I’m a bit concerned as recently I have discovered red bumps on one of my toes, my EM flares have been the same as usual and I do go see a doctor on the 11th but wondered if anyone else has ever had this? They are not painful, and I have many other conditions as well I just have not found anything similar with googling.
When I first noticed them (Feb 1st)
Today (Feb 9th/10th)
Look like water blisters I would get. Can poke one with a needle and see if it is just water. I would get them when I worked outside for long periods of time, ignoring my flares (if that’s possible).
Hello Kats I have the same red bumps on my knees due to EM. I have another appointment with EM nurse soon and will be seeking advice. I will update on here.
I have had the blister bumps with EM. I also was diagnosed with Lupus and Leukocytoclastic Vasculitis both of which were causing some of my skin conditions. I don’t have the bumps any more but still have flares with redness, purple discolorations and, if I let it go too long without a cooling (fan), swelling. I’ve been on Hydroxychloriquine a year now and it seems to have helped. I also have metastatic breast cancer and restless leg syndrome. Seems there’s usually something else going on when you notice the EM gets worse. I seem to have had EM all my life but became worse when I started chemo treatments. Same for RLS; got worse while on medications for cancer.
Reminds me of my chilblains. I have Raynaud’s and EM and chilblains were my first indicator of the raynauds. Don’t pop them whatever you do. Careful to avoid ulcers and if they do open then I’d get some medical advice for wound care. I’ve been advised to keep them bandaged since feet are so susceptible to dirt. And I’m always open toed bc of EM so maybe that’s you too.
May I ask, what type of doctor did you see that diagnosed for the Leukocytoclastic vasculitis?
I too have these bumps but on my hands and actually had a biopsy done last week. Just got the results back today which resulted in me coming here searching for answers, if any, that I could find through the forum. I have seen a rheumatologist and dermatologist with no luck about what the bumps are. They are painful especially in the morning time when my hands are swollen. The bumps only seem to occur during winter and clear liquid came out when I popped one a few years ago but was extremely painful.
Here are my results if anyone wants to take a look-
FINAL MICROSCOPIC DIAGNOSIS
A. Right distal palmar small finger, Shave Biopsy:
PAPULAR PERIVASCULAR AND INTERSTITIAL
LYMPHOHISTIOCYTIC DERMATITIS WITH DERMAL EDEMA.

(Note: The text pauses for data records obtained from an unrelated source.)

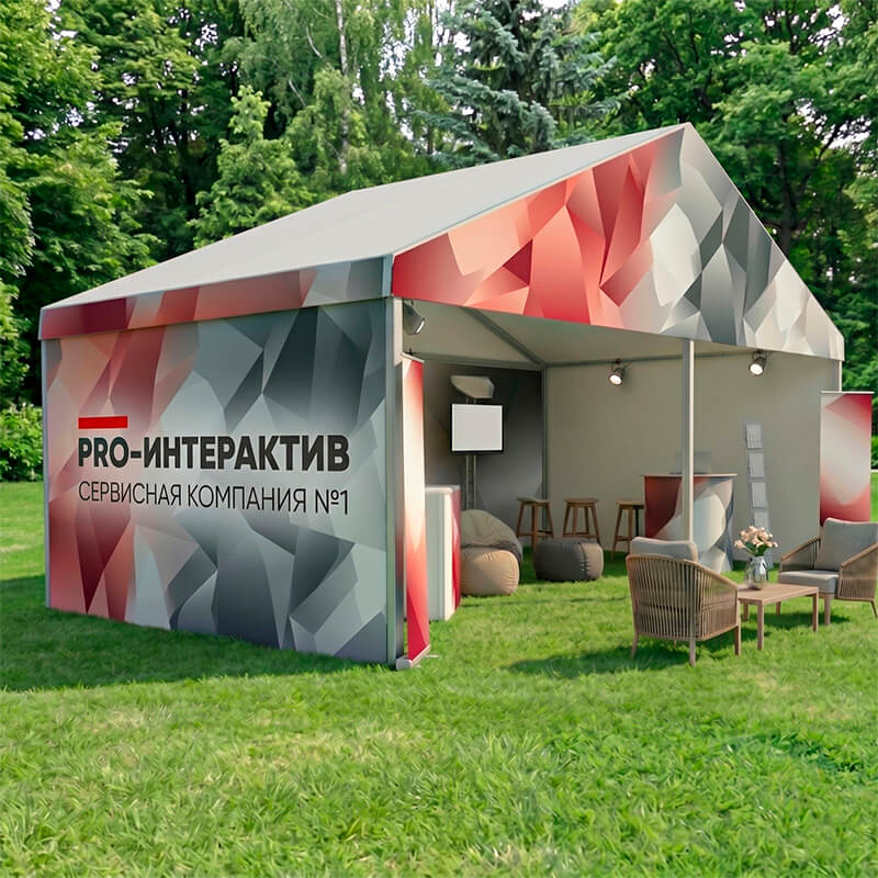 Планируете мероприятие на свежем воздухе? Возьмите в аренду уличный стенд с шатром‑павильоном 10×15 м — и забудьте о хлопотах! Просторный павильон площадью 150 м² создаст уютную зону для гостей и укроет их от солнца или дождя.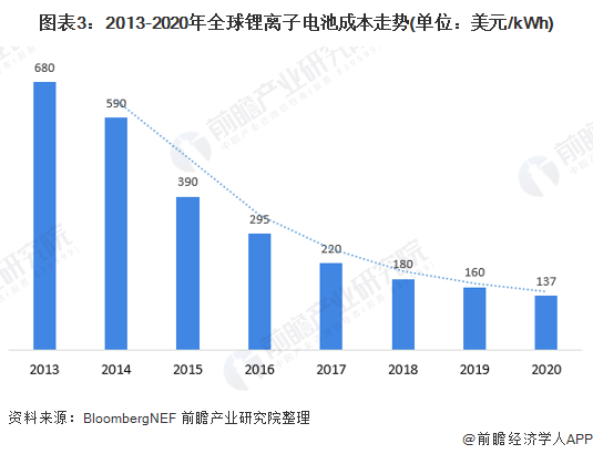 在成本方面,根据BloombergNEF统计数据显示,2020年,全球锂离子电池平均价格已降至137美元/kWh,较2013年下降近80%。随着锂电池成本的不断下降,锂电池在循环次数、能量密度、响应速度等方面具有的优势,将帮助锂电池打开在储能领域的应用空间。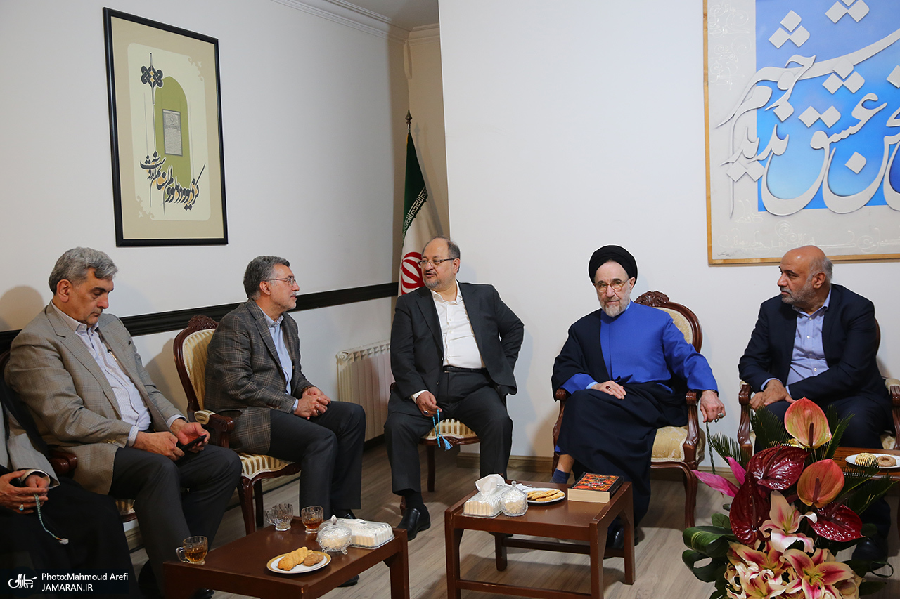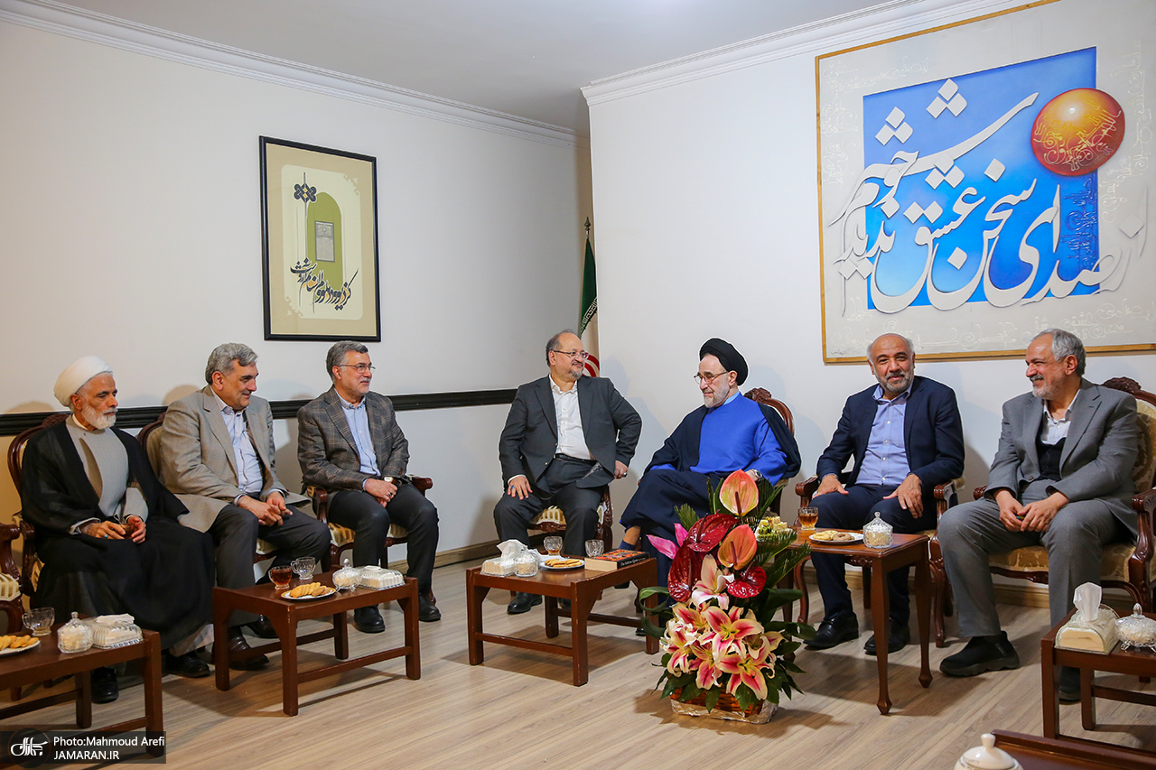 به گزارش جماران، به مناسبت سال نو جمعی از وزرا، معاونین و مدیران دولت چهاردهم و دولتهای پیشین جمهوری اسلامی ایران، عصر امروز دوشنبه ۱۸ فروردین ۱۴۰۴ با حجت الاسلام و المسلمین سید محمد خاتمی دیدار و گفتوگو کردند. در پایان این دیدار نماز مغرب و عشا به امامت سید محمد خاتمی اقامه شد.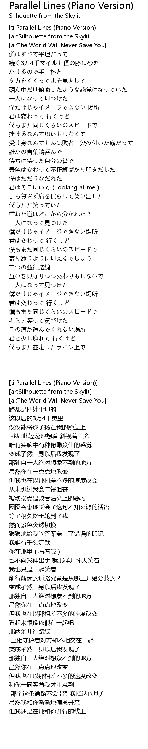 | [ti:Parallel Lines (Piano Version)] | |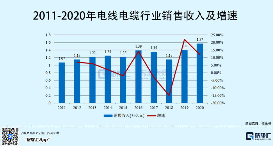 由此,国缆检测的发展空间与电线电缆行业紧密联系。当前,行业占据我国电工制造行业四分之一的产值,是机械工业中仅次于汽车行业的第二大产业,其行业规模也从2011年的1.07万亿元增长至2020年的1.57万亿元。

Comment: The findings are not entirely specific, yet are those as
can be seen in some expressions of medication related reactions,
photo related dermatitis, perniosis and similar processes, and
perniosis remains favored. The histopathology for erythromelalgia
is nonspecific but usually demonstrates a sparser inflammatory
infiltrate than that seen in the current biopsy. Clinicopathologic
correlation is recommended. The sections show a superficial
perivascular cuffed lymphocytic infiltrate with dermal edema. This
case was reviewed at dermatopathology case conference with
members of our physician staff.
A dermatologist did a biopsy and it showed leukocytoclastic vasculitis and Lupus. I had a rash on my arms and chest from Lupus.